Facebook does not want us to make this dataset available to the public. In October, Facebook sent a cease and desist letter to block our project. More than 50 consumer, civic technology, and journalism organizations, as well as nearly 30 individual journalism professors, researchers, and leaders signed a letter demanding Facebook withdraw the letter and work with our team and other researchers to bring more transparency to political ad data. Members of the House Energy & Commerce Committee has likewise sent Facebook a letter urging them to work with us. Facebook has not responded.

Facebook’s history of blocking independent collection of ad data

In January 2019, Facebook blocked the previous version of Ad Observer, ProPublica’s Facebook Ad Collector, using a quiet technical approach that broke the tool. At NYU, we had been using the data generated by this project, finding particular value in connecting ad targeting data to the impression data made public by Facebook through the Ad Library API.

Facebook’s actions to block ProPublica’s browser extension received some public attention. However, Facebook did not back down, and at the time, there was nothing those of us who relied on the ad data could do. But in my heart, I’m an engineer — I don’t want to just complain about a problem, I want to solve it.

Along with several other researchers, particularly Jason Chuang, Cameron Hickey, and Jeremy Merrill, I worked to build a new browser extension platform. Ad Observer is a “fork” of that platform, building off that collaborative code. Working with our team, It took about a year from the first discussions of the project to the launch of Ad Observer in June 2020. Along the way, we brought over users of ProPublica’s Political Ad Collector to Ad Observer.

After all that work — and despite Facebook’s attempts to interfere with independent research into political ads — we’re finally getting back to the place the research community was in 2018. Facebook ad data, complete with targeting, will be publicly available. Here’s what’s in this dataset, along with an explanation of its limitations and possibilities.

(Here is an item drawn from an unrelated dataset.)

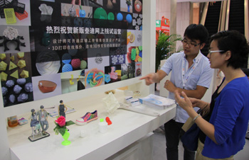 8月15日,在北京舉行的2013年中國互聯(lián)網(wǎng)大會上,上拓3D打印體驗館的工作人員在展廳中向觀眾介紹3D打印的相關(guān)產(chǎn)品與技術(shù)。新華社發(fā)(史陽琨/攝) |

How we collected Facebook ad data

The ads in this dataset were observed by users of our browser extension, Ad Observer. This method of collection has several limitations you should be aware of if you want to use this data for research:

  1. Data collected via web browser only — not mobile. Ad Observer collects data from users who access Facebook from a Chrome or Firefox browser on a computer, as opposed to a mobile device. This means that we will have no observations of ads that were only shown on mobile devices.
  2. (Relatively) small number of volunteers. As of November 2020, we have about 16,000 browser extension volunteers. We think a lot of the users we have are in the United States based on the ads they are observing, but because we don’t collect any personal information about our users, we’re not sure. Also, that is a tiny percentage of overall Facebook users–some 190 million in the U.S. alone–and nowhere near enough to form a clear overall picture of Facebook advertising or even of Facebook political advertising.
  3. Not a representative sample. We have no reason to believe that the volunteers who choose to install our browser extension and share their ad observations with us are a representative sample of social media users, or of the general public in any country. We have a lot of reasons to think that they are not. This means that these ads are also not a representative sample of political ads shown on Facebook. In particular, we see a skew towards ads from Democratic candidates shown in blue-state urban areas.
  4. Incomplete ad information. Ad observations are not complete information about a particular ad. The more observations we get of a particular ad, the more complete a picture we can get, but remember that many ads have multiple images and texts associated with them. Each user is usually only shown one combination, but there may be others. Also, Facebook’s ad targeting explanations shown to users are rarely complete.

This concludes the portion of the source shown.